=== Data shown ===
□ □ □ □
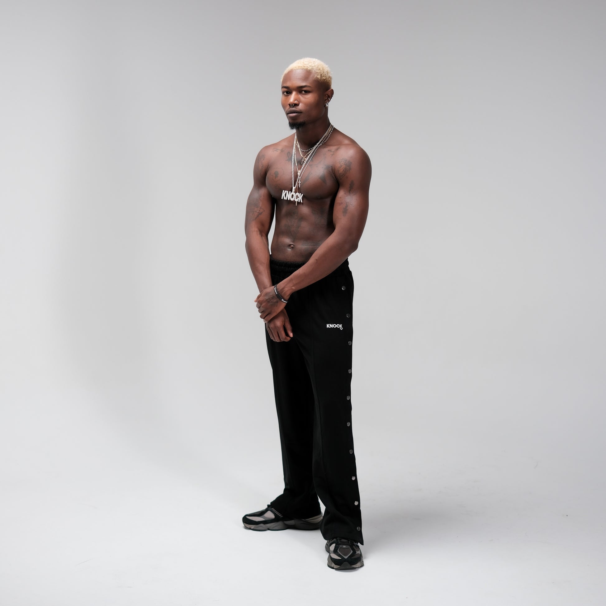 These are the Knock Side Snap Pants - a modern take on the classic tearaway silhouette. Designed for freedom, movement, and everyday versatility, they combine athletic heritage with street-ready style.
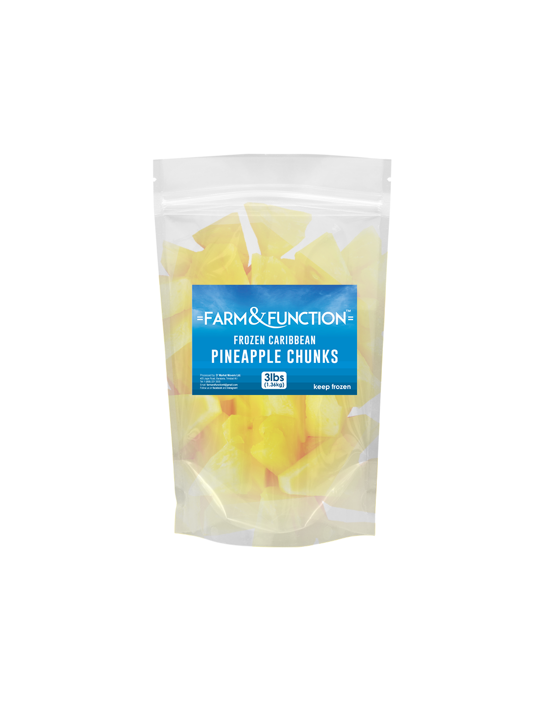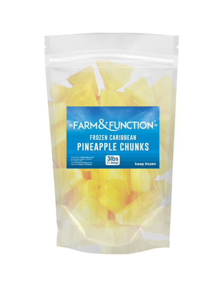 Support Local Today! This 3lb packet contains individually, quick, frozen pineapple chunks, in a re-sealable stand up pouch with zero additives or preservatives!
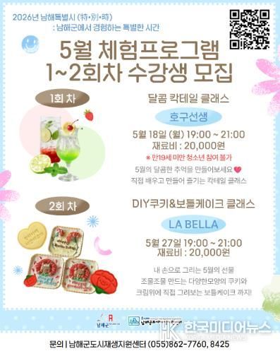 [ 한국미디어뉴스 김홍철 기자 ] 남해군 도시재생지원센터가 신록이 짙어가는 5월을 맞아, 군민들에게 일상 속 특별한 미식 경험과 힐링을 선사할 ‘5월 쿠킹클래스’를 마련하고 수강생 모집에 나선다.
□ □ □ □
=== What this task involves ===
Please reproduce each line of the listing above exactly, skipping pictures.

=== Expected output ===
 These are the Knock Side Snap Pants - a modern take on the classic tearaway silhouette. Designed for freedom, movement, and everyday versatility, they combine athletic heritage with street-ready style.
 Support Local Today! This 3lb packet contains individually, quick, frozen pineapple chunks, in a re-sealable stand up pouch with zero additives or preservatives!
 [ 한국미디어뉴스 김홍철 기자 ] 남해군 도시재생지원센터가 신록이 짙어가는 5월을 맞아, 군민들에게 일상 속 특별한 미식 경험과 힐링을 선사할 ‘5월 쿠킹클래스’를 마련하고 수강생 모집에 나선다.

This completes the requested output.